Every business, no matter how big or small, has their own unique corporate culture. You may be familiar with the concept of corporate culture, but have you thought about how it plays into the success of your business?
Referring to the shared ideals, customs, attitudes, principles, and philosophies that characterize members of an organization, corporate culture is rooted in an organization's goals and strategies for achieving success.
Why Does it Matter?
Understanding your company's culture, and learning how to manage it properly, can help you reach your goals and grow as an organization. A thriving culture can inspire employees to do their best, improve employee retention rates, and attract top employees to your organization. A dysfunctional culture can have the opposite effect, even leading to the demise of your organization in a worst-case scenario.
How Does it Develop?
Corporate culture doesn't develop overnight, but an organization's owners and founders tend to set the stage for how it manifests over time. When a business is starting out, the owner is most likely the one in charge of hiring decisions, or at least has a final say in who joins the team. It's likely that he or she will hire others with a set of values and personality traits similar to their own. For example, an owner or founder that is very detail-oriented and personable may look for people that also display these attributes. Someone that is more laid-back in their management and work styles mayseek out employees with a similar outlook. As the company grows, more individuals with these same traits are likely to join, thus shaping the culture to value these qualities.
However, no two hires are identical. Each person brings something different to the table. This is also something to consider when building and managing a company culture. Every addition to your company can affect your culture in some way.
How Do You Manage Culture?
Before you can manage your culture, you have to understand it and decide if it is what you envision for your business. This will require you to identify the internal and external factors affecting your organization. Answering the following questions may help you in your research:
- How would you describe your business?
- What kind of behaviors are encouraged and rewarded?
- Which employees seem to fit in, and which ones seem out of place? Why?
- What are the value proposition and mission for your business?
- Are you happy with the state of your business and how work gets done? Why or why not?
Once you answer these questions, you can decide whether you want to encourage the current state of your culture, or work to change it, if it's not leading to the business outcomes you desire.
Even if you are happy with your company's culture, it doesn't mean that you can be complacent in managing it. Check-in with your employees regularly, whether it's via anonymous satisfaction surveys or one-one-one meetings. Look for new ways to make your employees even more productive. As your company grows, make sure it grows in line with your mission, vision, and values.
If, on the other hand, you're finding that your current culture creates an environment that leads to poor business outcomes and unhappy employees, it's not too late to get on a better track. Changing your culture may be one of the most difficult things you face as a manager, but it's not impossible.

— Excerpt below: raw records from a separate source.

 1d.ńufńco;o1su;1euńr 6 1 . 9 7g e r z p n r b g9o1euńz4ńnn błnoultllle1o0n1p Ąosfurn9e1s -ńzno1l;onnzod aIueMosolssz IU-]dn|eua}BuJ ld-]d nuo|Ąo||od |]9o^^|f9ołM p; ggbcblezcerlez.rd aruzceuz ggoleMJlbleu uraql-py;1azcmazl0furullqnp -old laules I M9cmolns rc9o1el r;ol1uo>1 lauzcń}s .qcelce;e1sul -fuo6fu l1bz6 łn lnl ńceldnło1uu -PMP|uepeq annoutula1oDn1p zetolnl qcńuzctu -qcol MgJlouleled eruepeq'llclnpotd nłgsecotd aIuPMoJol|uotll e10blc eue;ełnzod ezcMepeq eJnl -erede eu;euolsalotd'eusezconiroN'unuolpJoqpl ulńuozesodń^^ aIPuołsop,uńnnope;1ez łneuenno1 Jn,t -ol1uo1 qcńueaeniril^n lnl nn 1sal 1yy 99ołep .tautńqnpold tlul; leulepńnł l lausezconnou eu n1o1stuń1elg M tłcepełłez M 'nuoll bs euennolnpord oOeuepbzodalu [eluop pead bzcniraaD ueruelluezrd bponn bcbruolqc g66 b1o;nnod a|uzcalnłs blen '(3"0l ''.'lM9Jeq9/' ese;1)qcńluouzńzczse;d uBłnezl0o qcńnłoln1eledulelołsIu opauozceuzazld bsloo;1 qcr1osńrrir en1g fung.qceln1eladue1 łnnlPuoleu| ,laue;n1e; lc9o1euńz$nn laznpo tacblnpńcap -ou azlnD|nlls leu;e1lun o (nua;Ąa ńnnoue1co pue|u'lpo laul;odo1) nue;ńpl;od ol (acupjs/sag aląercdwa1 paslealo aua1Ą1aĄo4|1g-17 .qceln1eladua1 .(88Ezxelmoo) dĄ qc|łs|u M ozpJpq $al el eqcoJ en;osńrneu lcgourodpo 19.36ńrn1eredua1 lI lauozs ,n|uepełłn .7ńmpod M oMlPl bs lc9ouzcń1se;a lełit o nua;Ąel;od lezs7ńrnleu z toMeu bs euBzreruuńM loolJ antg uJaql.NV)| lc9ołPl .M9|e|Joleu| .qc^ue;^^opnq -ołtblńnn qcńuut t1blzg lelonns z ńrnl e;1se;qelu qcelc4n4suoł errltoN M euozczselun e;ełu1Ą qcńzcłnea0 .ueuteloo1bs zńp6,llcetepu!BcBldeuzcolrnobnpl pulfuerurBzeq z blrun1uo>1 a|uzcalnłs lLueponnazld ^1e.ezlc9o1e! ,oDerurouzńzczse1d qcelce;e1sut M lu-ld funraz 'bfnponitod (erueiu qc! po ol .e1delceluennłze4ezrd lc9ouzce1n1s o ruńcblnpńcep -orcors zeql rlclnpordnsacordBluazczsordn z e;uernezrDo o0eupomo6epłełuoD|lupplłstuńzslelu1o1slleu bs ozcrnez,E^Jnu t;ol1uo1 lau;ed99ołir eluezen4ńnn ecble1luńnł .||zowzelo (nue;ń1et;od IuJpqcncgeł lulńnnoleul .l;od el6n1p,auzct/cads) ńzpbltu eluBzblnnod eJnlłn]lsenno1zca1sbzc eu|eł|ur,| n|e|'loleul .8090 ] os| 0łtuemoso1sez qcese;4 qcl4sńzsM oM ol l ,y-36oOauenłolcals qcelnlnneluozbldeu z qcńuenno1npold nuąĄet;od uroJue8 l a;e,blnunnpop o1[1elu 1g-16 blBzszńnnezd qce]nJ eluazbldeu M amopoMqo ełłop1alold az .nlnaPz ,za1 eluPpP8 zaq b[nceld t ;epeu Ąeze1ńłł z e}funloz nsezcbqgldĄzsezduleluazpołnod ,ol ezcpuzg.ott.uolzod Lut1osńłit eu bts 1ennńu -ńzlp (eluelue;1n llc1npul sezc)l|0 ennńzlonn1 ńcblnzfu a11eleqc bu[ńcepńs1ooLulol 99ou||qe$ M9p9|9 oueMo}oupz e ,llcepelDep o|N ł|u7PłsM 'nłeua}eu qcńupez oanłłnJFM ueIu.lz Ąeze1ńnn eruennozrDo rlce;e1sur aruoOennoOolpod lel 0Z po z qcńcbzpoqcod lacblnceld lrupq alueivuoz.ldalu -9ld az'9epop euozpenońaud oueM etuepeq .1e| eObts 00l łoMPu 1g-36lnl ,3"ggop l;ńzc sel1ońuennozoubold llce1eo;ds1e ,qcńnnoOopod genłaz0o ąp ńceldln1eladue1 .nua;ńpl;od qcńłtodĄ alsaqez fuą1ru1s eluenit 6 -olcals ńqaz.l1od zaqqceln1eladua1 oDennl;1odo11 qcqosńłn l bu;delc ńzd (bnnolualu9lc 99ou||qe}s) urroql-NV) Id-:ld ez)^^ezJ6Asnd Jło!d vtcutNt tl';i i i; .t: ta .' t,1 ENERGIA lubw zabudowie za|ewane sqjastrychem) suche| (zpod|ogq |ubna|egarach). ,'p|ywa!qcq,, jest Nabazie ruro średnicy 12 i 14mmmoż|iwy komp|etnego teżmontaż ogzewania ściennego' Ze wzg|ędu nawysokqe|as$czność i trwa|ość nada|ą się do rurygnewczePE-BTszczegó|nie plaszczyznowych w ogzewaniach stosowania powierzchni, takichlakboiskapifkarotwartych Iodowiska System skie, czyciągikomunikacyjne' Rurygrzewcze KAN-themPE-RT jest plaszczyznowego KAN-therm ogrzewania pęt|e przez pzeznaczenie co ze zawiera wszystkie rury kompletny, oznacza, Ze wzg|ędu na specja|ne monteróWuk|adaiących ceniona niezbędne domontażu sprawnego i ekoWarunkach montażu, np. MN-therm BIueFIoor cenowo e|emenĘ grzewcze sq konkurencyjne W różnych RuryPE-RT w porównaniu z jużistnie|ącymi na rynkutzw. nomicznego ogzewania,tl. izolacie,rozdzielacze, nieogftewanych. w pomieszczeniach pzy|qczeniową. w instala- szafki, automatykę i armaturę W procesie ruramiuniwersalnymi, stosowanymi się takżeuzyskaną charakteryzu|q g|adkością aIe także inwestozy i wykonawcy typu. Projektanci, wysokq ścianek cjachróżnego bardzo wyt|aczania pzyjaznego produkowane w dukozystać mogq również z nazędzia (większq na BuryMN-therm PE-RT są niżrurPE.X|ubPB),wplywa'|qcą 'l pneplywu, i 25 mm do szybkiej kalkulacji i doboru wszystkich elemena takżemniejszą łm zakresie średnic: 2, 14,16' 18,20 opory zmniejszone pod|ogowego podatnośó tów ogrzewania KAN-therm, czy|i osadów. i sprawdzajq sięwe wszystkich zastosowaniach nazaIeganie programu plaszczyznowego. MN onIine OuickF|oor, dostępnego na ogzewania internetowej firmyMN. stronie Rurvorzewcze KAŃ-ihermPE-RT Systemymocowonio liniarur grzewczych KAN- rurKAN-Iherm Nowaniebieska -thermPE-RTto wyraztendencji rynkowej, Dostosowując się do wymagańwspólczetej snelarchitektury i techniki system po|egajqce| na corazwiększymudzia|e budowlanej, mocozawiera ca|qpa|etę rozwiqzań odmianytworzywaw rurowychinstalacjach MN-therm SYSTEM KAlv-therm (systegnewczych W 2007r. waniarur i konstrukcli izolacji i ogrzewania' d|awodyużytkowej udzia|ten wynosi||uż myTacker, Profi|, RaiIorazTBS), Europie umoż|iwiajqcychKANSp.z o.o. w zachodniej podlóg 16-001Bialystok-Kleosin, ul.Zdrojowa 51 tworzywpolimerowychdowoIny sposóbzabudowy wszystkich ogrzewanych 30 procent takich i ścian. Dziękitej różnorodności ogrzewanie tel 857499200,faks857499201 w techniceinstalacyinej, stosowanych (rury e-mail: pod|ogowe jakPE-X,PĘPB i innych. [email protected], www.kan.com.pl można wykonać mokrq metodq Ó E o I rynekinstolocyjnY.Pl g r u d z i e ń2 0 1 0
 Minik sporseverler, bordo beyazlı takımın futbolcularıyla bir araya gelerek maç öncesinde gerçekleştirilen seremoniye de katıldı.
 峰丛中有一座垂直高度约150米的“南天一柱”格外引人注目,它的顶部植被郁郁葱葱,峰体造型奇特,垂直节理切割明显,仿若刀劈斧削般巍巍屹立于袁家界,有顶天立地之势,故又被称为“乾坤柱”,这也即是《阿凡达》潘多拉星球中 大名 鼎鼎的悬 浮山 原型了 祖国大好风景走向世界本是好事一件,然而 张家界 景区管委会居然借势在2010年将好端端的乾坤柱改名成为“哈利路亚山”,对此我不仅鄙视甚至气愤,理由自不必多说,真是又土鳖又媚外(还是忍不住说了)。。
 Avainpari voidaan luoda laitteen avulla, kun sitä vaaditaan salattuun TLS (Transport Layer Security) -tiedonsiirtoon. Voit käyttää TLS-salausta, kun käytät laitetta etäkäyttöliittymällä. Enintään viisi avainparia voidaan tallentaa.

When you embark on a culture shift, you want to make sure your employees, especially managers, understand why the changes are necessary. Remind your organization of your business' underlying mission, values, and goals. Also remember to keep the lines of communication open. Your employees want to feel trusted, just as you want them to trust you. You may need to make some tough decisions during this time, and those who are not committed to this change may not be a good fit for your company in the long run.
Embracing Culture Management There are many ways you can continue to develop your organization's culture so that your business, customers, and employees benefit in the long run. With a clear understanding of your company's culture from the start, you'll be better able to manage it moving forward.